On view from June 24 through November 26, 2023, Indian Theater is part of a sweep of initiatives at Bard College to place Indigenous Studies at the heart of curricular innovation and development, including the appointment of Hopkins as CCS Bard’s inaugural Fellow in Indigenous Art History and Curatorial Studies.

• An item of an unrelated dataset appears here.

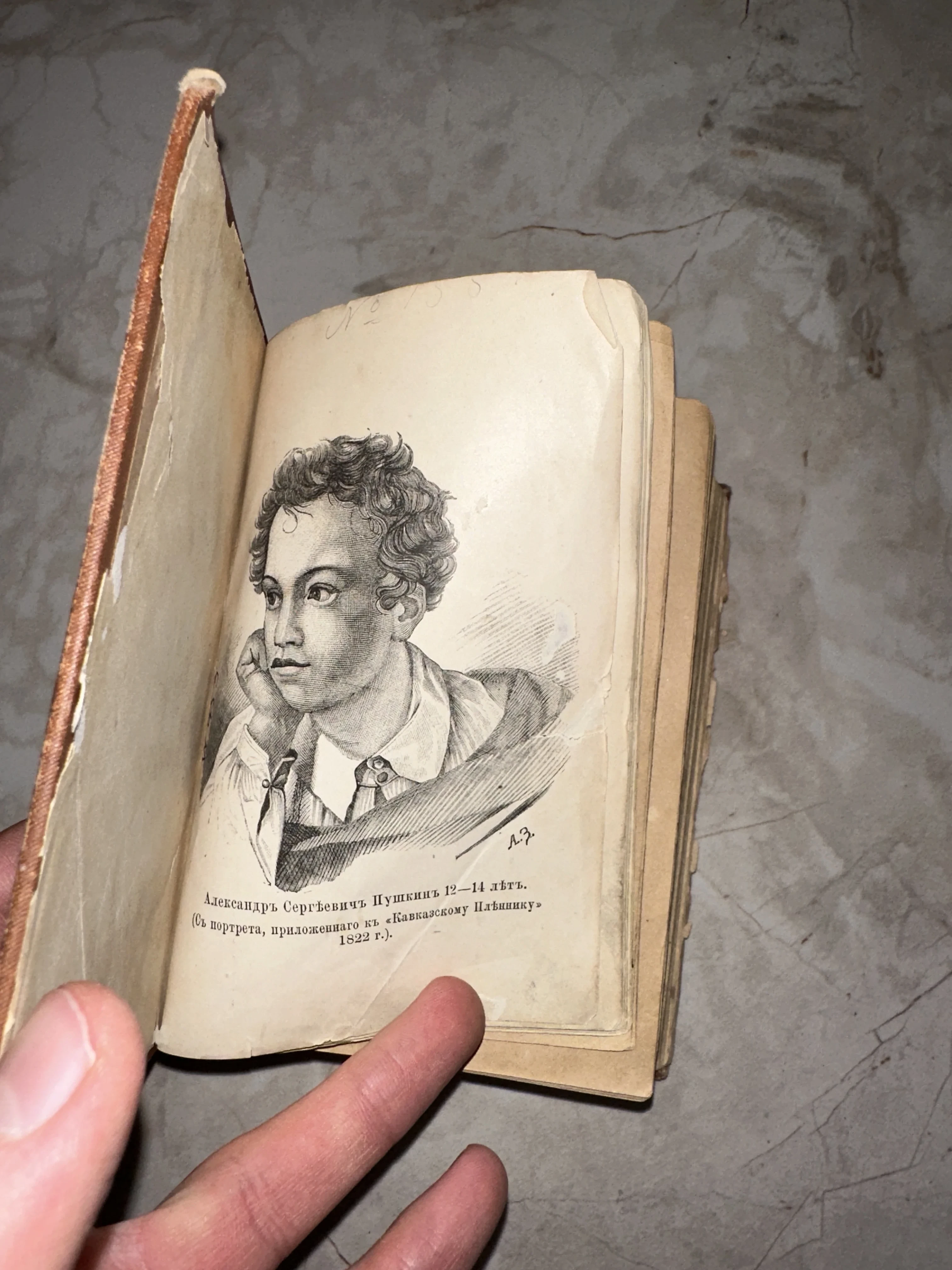 Уникальный фрагмент истории — гравированный портрет юного Пушкина, запечатлевший поэта в возрасте 12–14 лет. Страницы антикварного издания хранят благородную патину времени, передавая атмосферу литературных салонов XIX века через детальную штриховку и аутентичный шрифт. Этот предмет станет жемчужиной коллекции для истинного ценителя русской классики и библиофила.

“This exhibition marks a critical contribution to contextualizing contemporary Indigenous art as part of a larger artistic movement whose history has been understudied and overlooked,” said Tom Eccles, Executive Director of the Center for Curatorial Studies, Bard College, and Founding Director of the Hessel Museum of Art. “This groundbreaking presentation at the Hessel Museum provides a new framework for the interpretation of Indigenous contemporary art, a field of study that we look forward to continuing to advance with new research and curatorial innovation.”

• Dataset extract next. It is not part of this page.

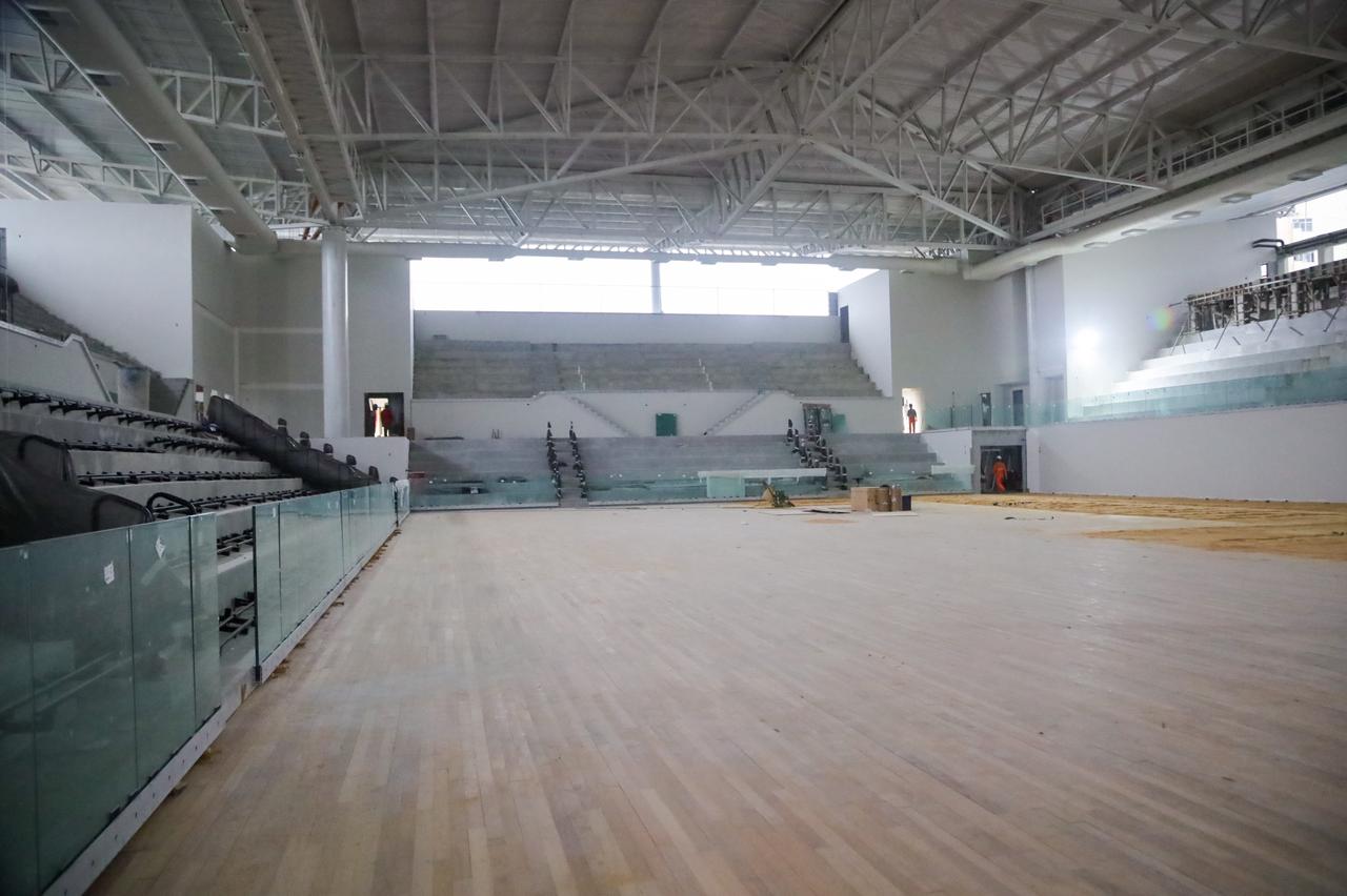 A construção avança em diversas frentes: a cobertura do ginásio já está pronta, enquanto os trabalhos internos envolvem a instalação de forros em gesso, pintura, colocação de pisos, dutos de ar-condicionado, guarda-corpos, corrimãos e assentos nas arquibancadas. No exterior, há progresso na instalação de brises e vidros para melhorar ventilação e iluminação, além de melhorias nas esquadrias e na área externa de circulação.

“This exhibition takes its impetus from a modest, yet significant document: Indian Theatre: An Artistic Experiment in Process, published by the Institute for American Indian Arts (IAIA) in 1969. The treatise was the first to attempt to define ‘New Native’ theater, ushering in a new way of framing the long practice of performance in Indigenous societies across Turtle Island; they were also creating a template for its future,” stated Hopkins. “Inspired by this document, the exhibition, Indian Theater is attuned to the intersections between objects, performance—in its expanded forms—film and video, and visual sovereignty in Native North American contemporary art.”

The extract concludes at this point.